Best and Worst of ACL 2022: Artists you did and didn’t miss
Every year, festival-goers congregate at Zilker Park for the Austin City Limits Music Festival. This year, the Thresher once again made the trip to see for ourselves what the hype was about (and also to see SZA, who did not disappoint). For those who might want a recap or weren’t able to make it out to the festival this year: first, check out our Spotify playlist, and second, read on for our take on the best and worst performances from both weekends.
Best stage presence: Slayyyter
Whether it was her dancing or her audience engagement, Slayyyter absolutely took over her stage with nothing but a DJ and a furry pink coat. I knew nothing about Slayyyter before ACL but found myself singing along to songs I didn’t know existed and looked away only once during her entire set, and that was to adjust my fanny pack so I could dance better. She clearly had a good command of her audience, and though there were some technical difficulties during her set, she took it like a champ and still slayed.
Worst technical difficulties: P!nk
P!nk’s set was plagued by technical difficulties, causing her to restart her cover of Bishop Briggs’ “River” as well as an acoustic cover accompanied by her guitarist. (She also stumbled on stage, but thankfully didn’t fall). These snafus were redeemed by the singer’s signature frankness (“I like this song too much to mess it up”) and practiced professionalism. All in all, though, the crowd knew almost every word and seemed consistently engaged, and P!nk’s not-so-surprise encore, where she soared over the audience doing acrobatics on a harness, knocked it out of the (literal) park.
Best crowd: Paramore
I’ve never seen anyone look at someone with as much hate as the crowd directed at the high schoolers who said they’d never heard of Hayley Williams. There were signs proclaiming their love for Williams and the band as a whole, and the bruises on my arms are proof that the crowd (which extended past nearby stages) was into the music to say the least. Morgan had the chance to live out her 13-year-old dream of singing “Misery Business,” and she was beyond thrilled. It wasn’t just her, though, we swear – the entire crowd was singing, dancing and jumping along to every word.
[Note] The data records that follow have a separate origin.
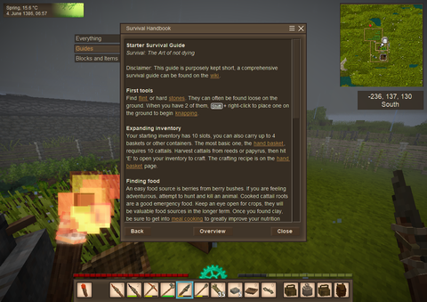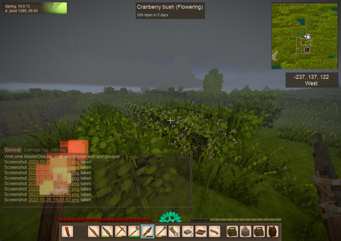 Szerveren majd lesz idővisszaállítás márciusra (de csak most egyszer) mert már augusztus van és nem lenne jó ha az ősz tél miatt halnának éhen az új játékosok. Én már egy hete játszok azért van már augusztus. Telek kemények, kezdőként instant halál cuccok/kaja nélkül -10 fokban kezdeni. Nyáron a kaja romlik meg elöbb, összel meg kevesebbet teremnek a bokrok. Gondoltam rá hogy spawnál menedékházat építek, pár nagyon kezdetleges szerszámmal.
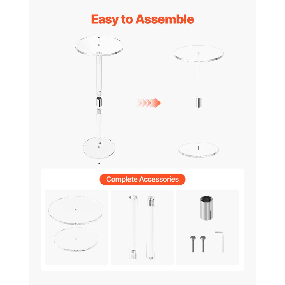 Mesa Auxiliar de Acrílico 25,4 x 25,4 x 54 cm, Mesa de Centro Redonda Transparente Carga de 5 kg, Mesita de Noche con Base Reforzada Estable para Tartas, Café, Bebidas, Comida, Aperitivos - Material de oficina
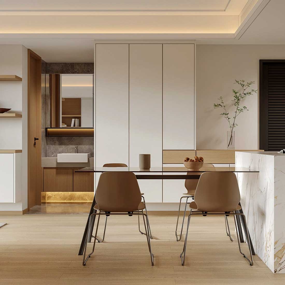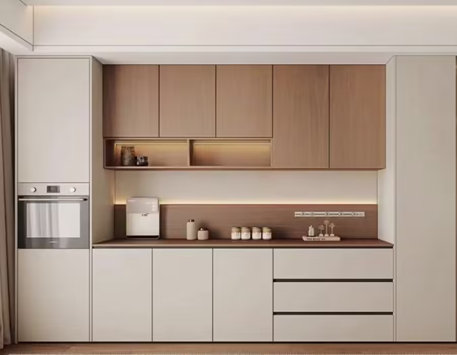 Look for eco-friendly materials with low formaldehyde emissions, such as E0/ENF-grade paint-free boards, multi-layer solid wood, or sintered stone. These materials are durable, safe, and healthier for indoor use.
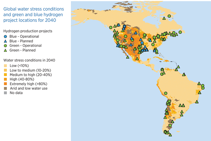 Although the use of deionized water produced by desalination plants can reduce the need for fresh water, it also causes the need to discharge residual brine into water sources and soil . In addition, despite the generally insignificant use of water for hydrogen production at the global level, it is important to take into account local conditions. More than 35% of the world's green and blue hydrogen production capacities (in operation and planned) are located in regions with acute water shortages.
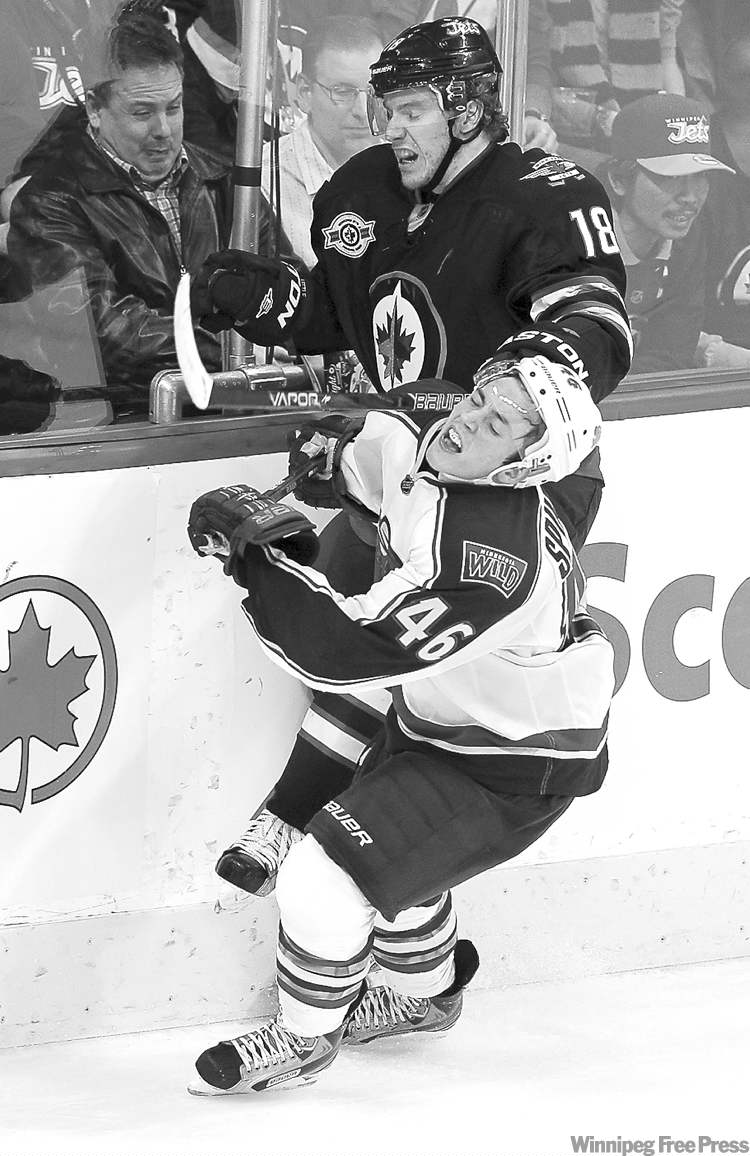 And so it was Saturday night against the Anaheim Ducks as Alex Burmistrov, Nik Antropov and Toby Enstrom returned to action, but Bryan Little was lost after he took a shot off the back in the first period. Little, said head coach Claude Noel, will be day-to-day until the extent of the injury is further examined.
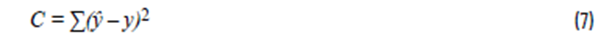 優(yōu)化成本函數(shù)由公式7給出。這是最小二乘成本函數(shù),其中?是實(shí)測(cè)數(shù)據(jù)點(diǎn)的向量,y是公式6的輸出。
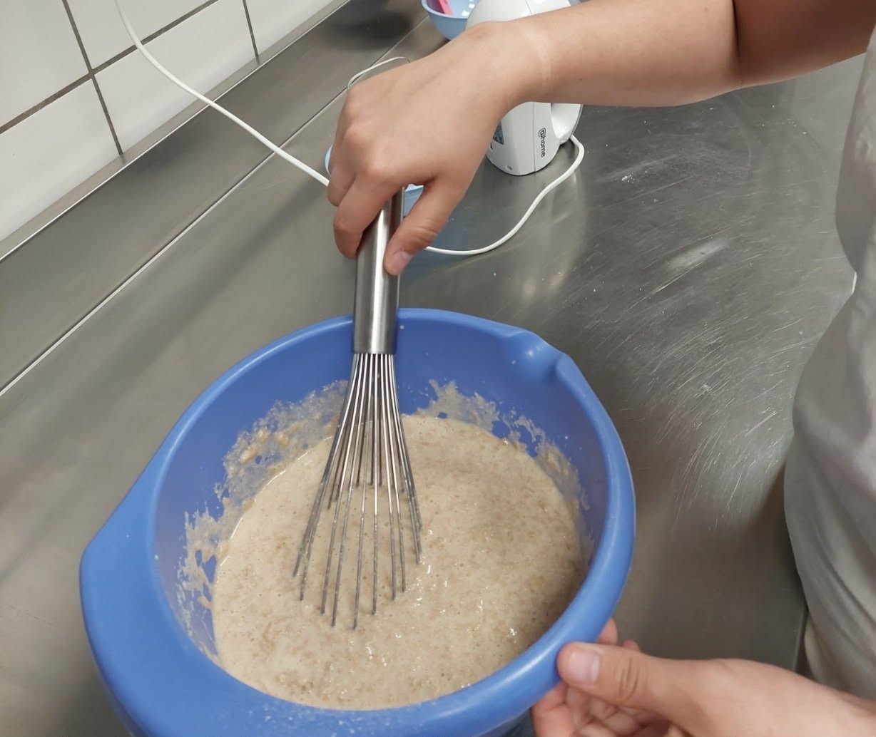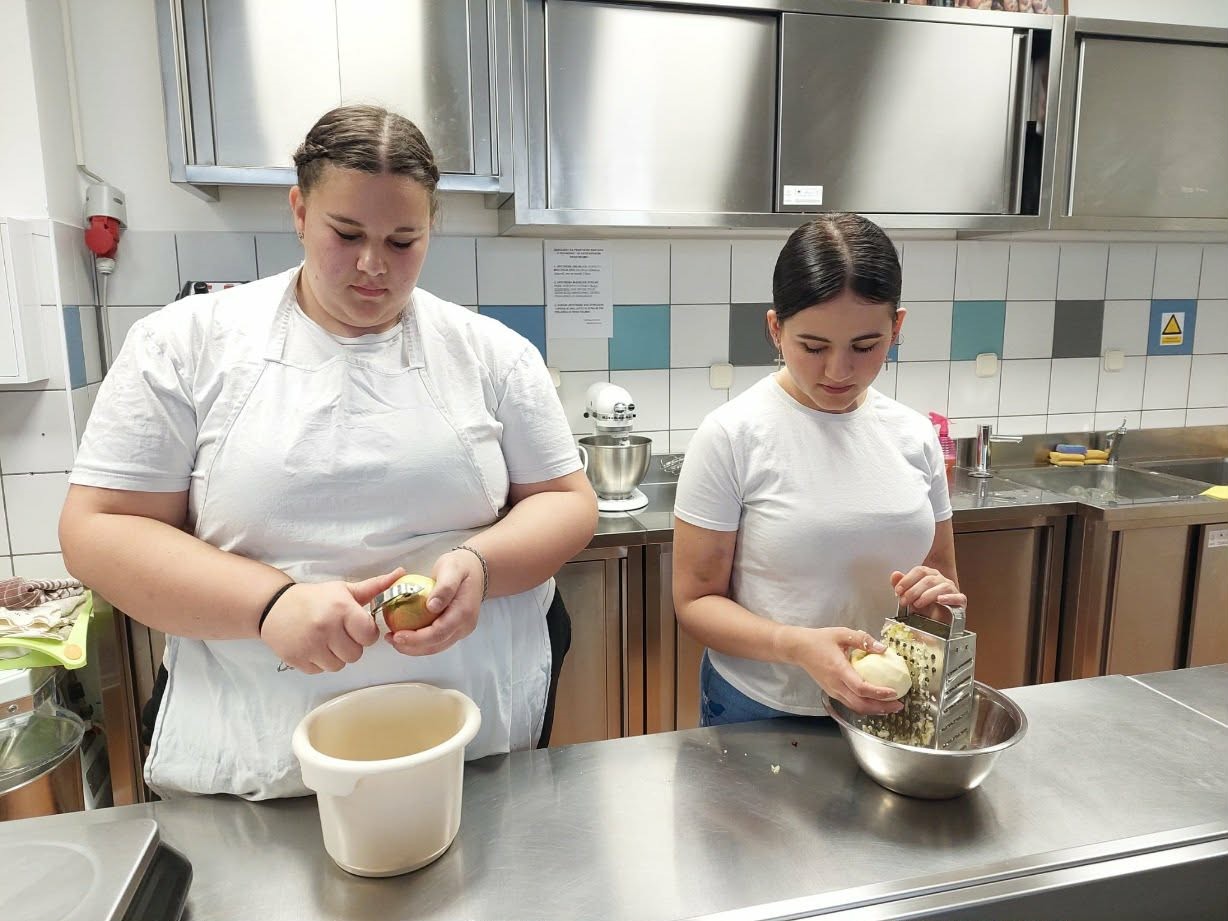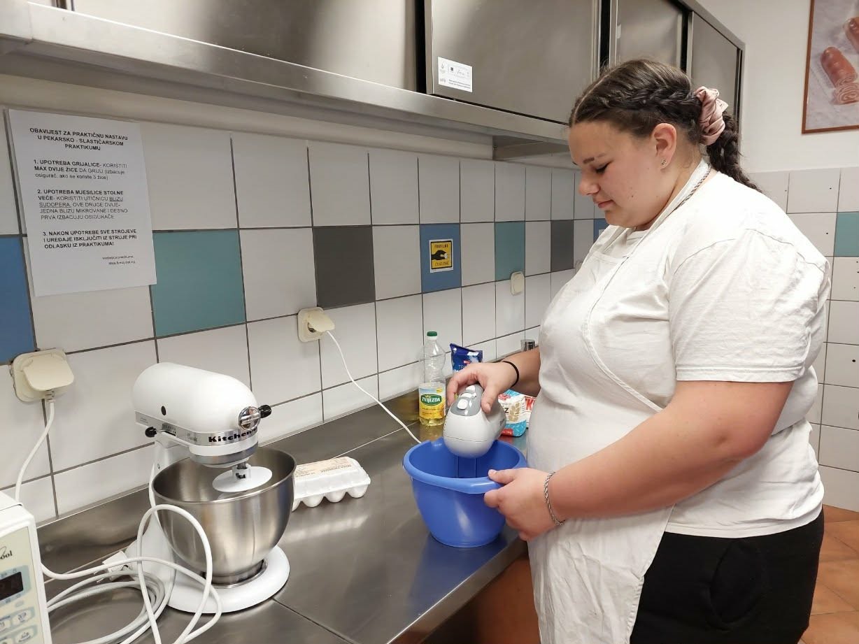 Ana i Samanta, učenice 3. razreda, zanimanje pekar, istražile su recepte na nastavi predmeta Etno pekarski proizvodi, a na satima praktične nastave ispekle kolač s biskvitnim tijestom i jabukama. Postupak izrade kolača zanimljiv je i po tome što se biskvit može mutiti „bakinom žicom“. Pogledajmo recept!

Worst decision to not make a headliner: Lil Nas X
Lil Nas X owns the radio. Argue with me if you’d like, but you won’t convince me otherwise. His space in the cultural consciousness of everyone under 25 is hard to beat, and his set was full of extravagant sets, costumes and even a plot stringing the performances together. So why was he not a headliner? His crowd rivaled those of headliners that evening, even in the blistering Texas heat. Giving him more time and space for his set would have allowed his music and ingenuity to truly shine.
Best stage energy: Tobe Nwigwe
The Houston-born rapper’s stage presence was undeniable, particularly with the help of his wife, Martica “Fat” Nwigwe, who is also a singer, as well as backup dancers and singers appropriately clad in mint green. Hits like “Hella Black” and “Lord Forgive Me” were definite standouts, and seemed to draw in more viewers as the set continued. Nwigwe also made sure to consistently engage the crowd, calling on them to dance because “when the lights go out, everybody is Black.”
Worst case of mediocrity: Sabrina Claudio
Some music was made to be performed at ACL. Sabrina Claudio’s music is not on that list. While I can appreciate her soft, sultry voice in a different time and place, it seemed like she was having difficulty providing the hype that ACL is known for. After a while, every song began to sound the same. Admittedly, she was recovering from the flu, and her outfit was still fantastic. Claudio said it herself: “I feel like I’m too chill for y’all,” but she delivered a commendable effort despite her underwhelming performance.
Worst mosh pits: BIA
BIA’s performance, though slightly delayed, was still a delight to watch and sing along to, with an enthusiastic DJ and great dancers. That doesn’t change the fact that, however, her crowd was filled with moshing ten-year-olds. Even if you’re pro-moshing, it does get exhausting when at every beat drop, you either have to hope you aren’t caught up in the crowd or mosh with people at least a decade younger than you.